**** Data shown

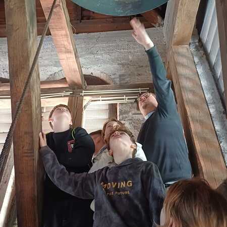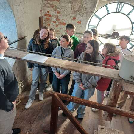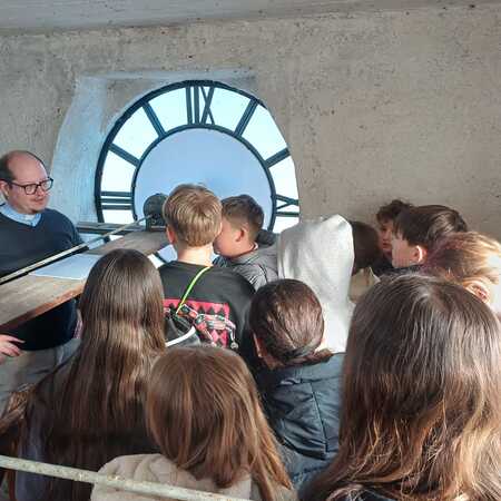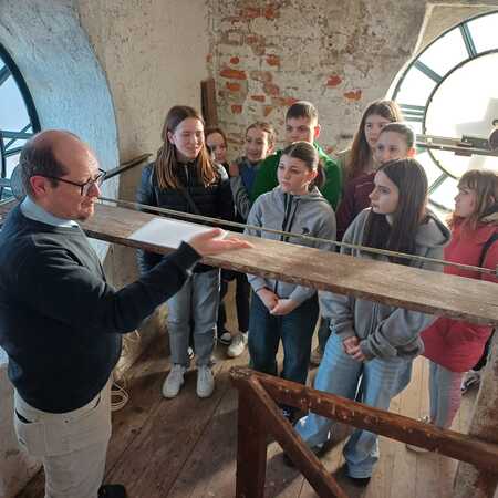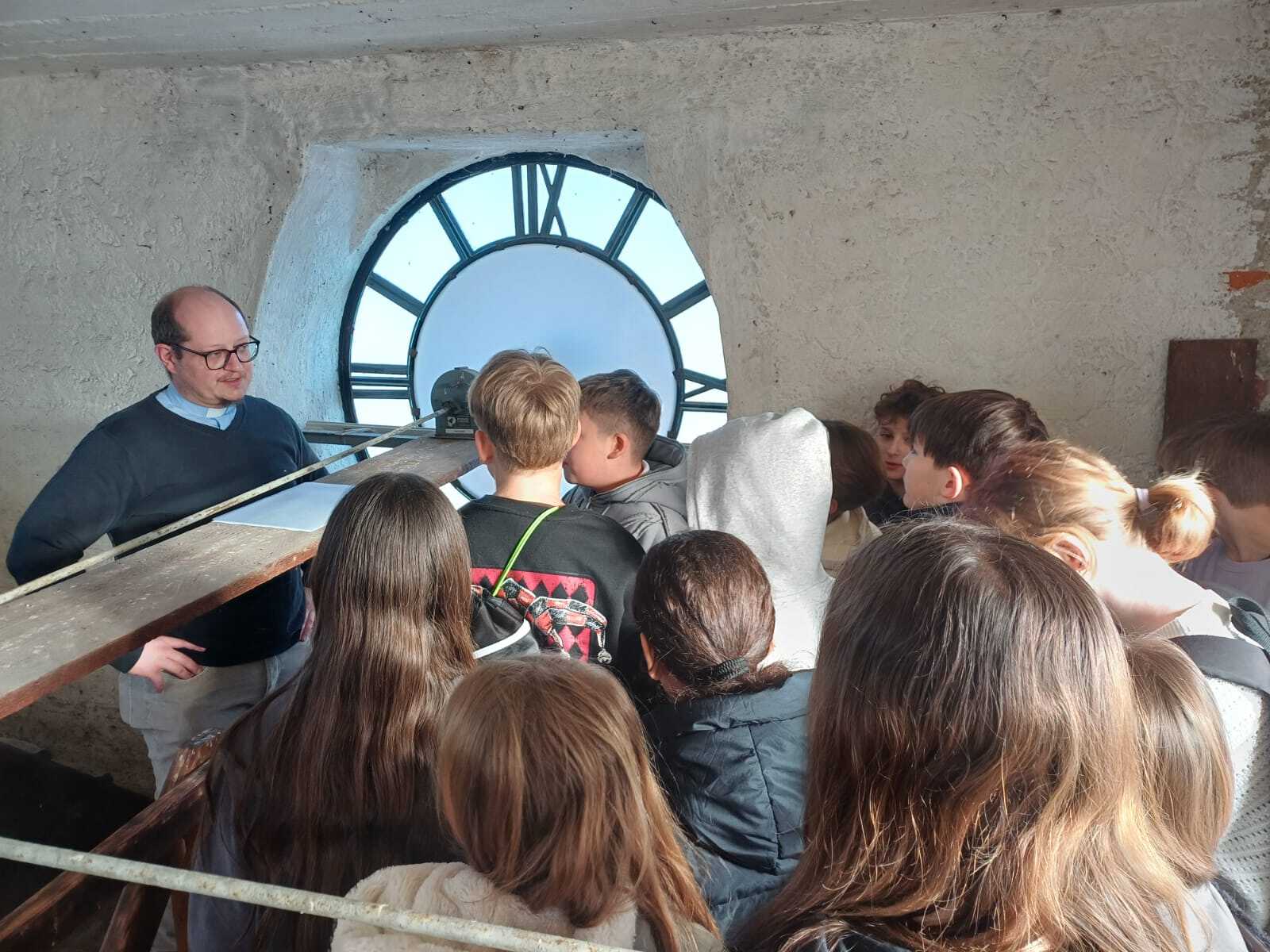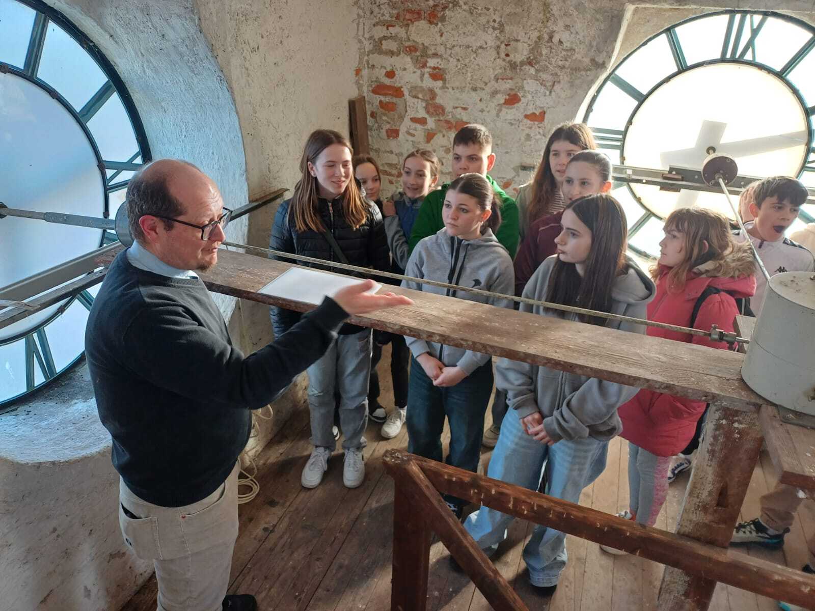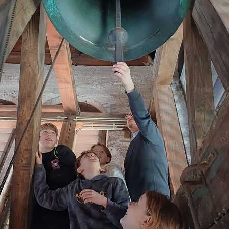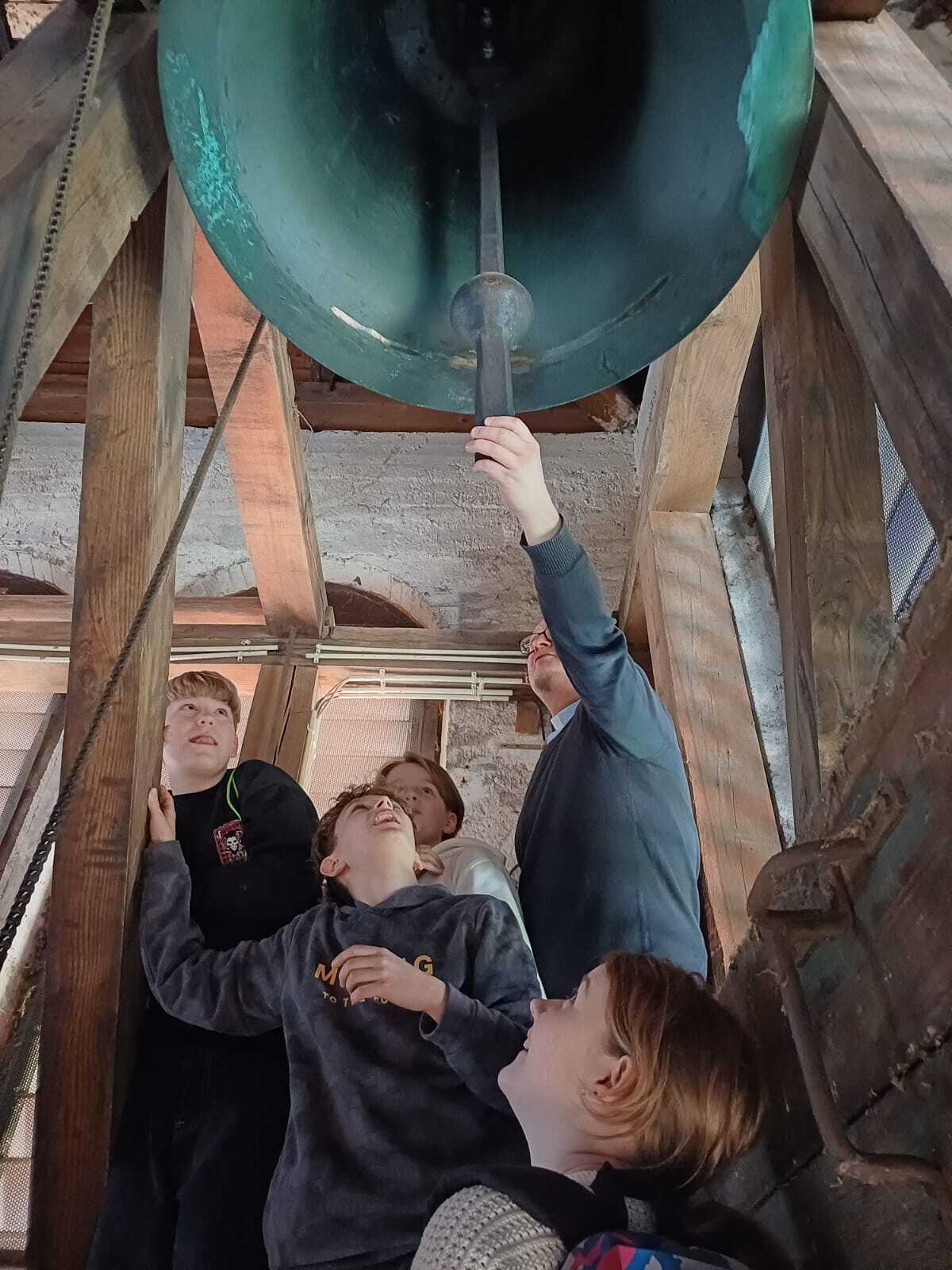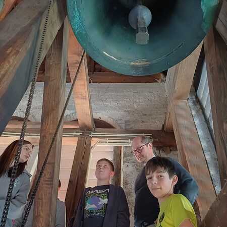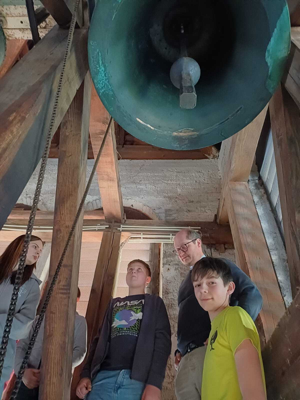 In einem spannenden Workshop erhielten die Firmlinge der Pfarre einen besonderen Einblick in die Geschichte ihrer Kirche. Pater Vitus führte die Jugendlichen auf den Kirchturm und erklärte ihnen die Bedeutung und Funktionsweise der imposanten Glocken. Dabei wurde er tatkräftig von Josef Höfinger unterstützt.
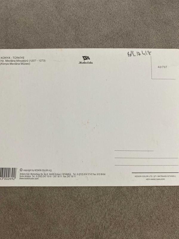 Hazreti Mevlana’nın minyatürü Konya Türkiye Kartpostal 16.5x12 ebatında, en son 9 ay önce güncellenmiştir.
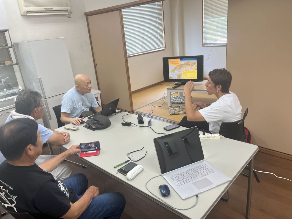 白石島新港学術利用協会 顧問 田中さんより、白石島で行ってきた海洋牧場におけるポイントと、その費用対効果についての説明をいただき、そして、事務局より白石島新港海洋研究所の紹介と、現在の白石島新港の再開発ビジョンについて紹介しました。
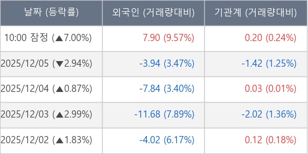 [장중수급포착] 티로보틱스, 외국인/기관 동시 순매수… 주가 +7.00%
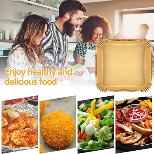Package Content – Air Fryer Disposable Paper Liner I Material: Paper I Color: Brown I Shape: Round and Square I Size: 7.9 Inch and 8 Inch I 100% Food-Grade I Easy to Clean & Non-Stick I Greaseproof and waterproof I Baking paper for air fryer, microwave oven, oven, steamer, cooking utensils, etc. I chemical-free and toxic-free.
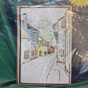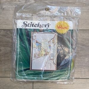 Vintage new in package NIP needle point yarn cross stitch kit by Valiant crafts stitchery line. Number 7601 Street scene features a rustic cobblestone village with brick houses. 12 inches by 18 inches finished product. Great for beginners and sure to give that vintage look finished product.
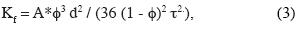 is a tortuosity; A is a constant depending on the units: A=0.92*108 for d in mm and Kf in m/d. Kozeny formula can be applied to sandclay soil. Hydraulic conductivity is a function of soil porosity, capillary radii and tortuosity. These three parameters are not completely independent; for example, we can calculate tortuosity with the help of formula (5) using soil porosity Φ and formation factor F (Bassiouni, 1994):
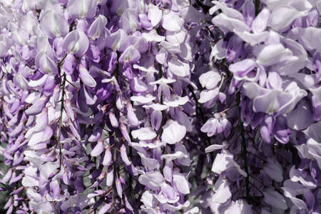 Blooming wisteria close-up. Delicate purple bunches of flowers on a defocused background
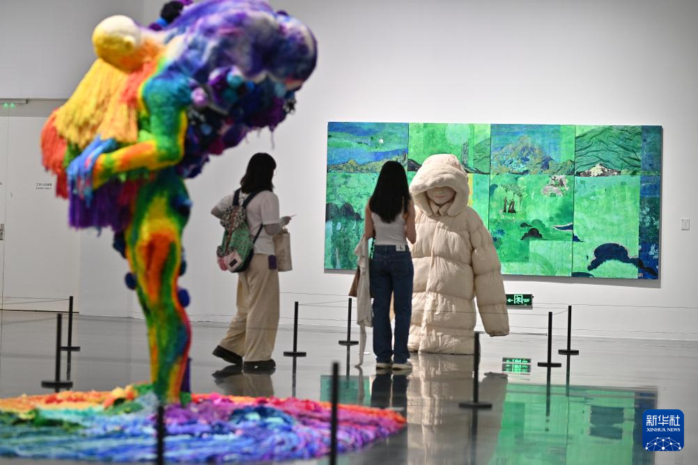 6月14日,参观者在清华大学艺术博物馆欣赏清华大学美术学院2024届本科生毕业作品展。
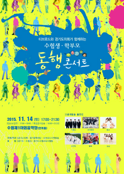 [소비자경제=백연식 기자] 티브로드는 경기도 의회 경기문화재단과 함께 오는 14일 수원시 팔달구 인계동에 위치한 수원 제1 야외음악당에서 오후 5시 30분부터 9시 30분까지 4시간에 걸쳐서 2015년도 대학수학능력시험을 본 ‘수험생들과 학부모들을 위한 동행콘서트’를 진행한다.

********

[Task prompt]
The images in the entries above should be left out; please reproduce exactly the lines from the first through the one containing "Package Content –".

[The completed task]
 In einem spannenden Workshop erhielten die Firmlinge der Pfarre einen besonderen Einblick in die Geschichte ihrer Kirche. Pater Vitus führte die Jugendlichen auf den Kirchturm und erklärte ihnen die Bedeutung und Funktionsweise der imposanten Glocken. Dabei wurde er tatkräftig von Josef Höfinger unterstützt.
 Hazreti Mevlana’nın minyatürü Konya Türkiye Kartpostal 16.5x12 ebatında, en son 9 ay önce güncellenmiştir.
 白石島新港学術利用協会 顧問 田中さんより、白石島で行ってきた海洋牧場におけるポイントと、その費用対効果についての説明をいただき、そして、事務局より白石島新港海洋研究所の紹介と、現在の白石島新港の再開発ビジョンについて紹介しました。
 [장중수급포착] 티로보틱스, 외국인/기관 동시 순매수… 주가 +7.00%
Package Content – Air Fryer Disposable Paper Liner I Material: Paper I Color: Brown I Shape: Round and Square I Size: 7.9 Inch and 8 Inch I 100% Food-Grade I Easy to Clean & Non-Stick I Greaseproof and waterproof I Baking paper for air fryer, microwave oven, oven, steamer, cooking utensils, etc. I chemical-free and toxic-free.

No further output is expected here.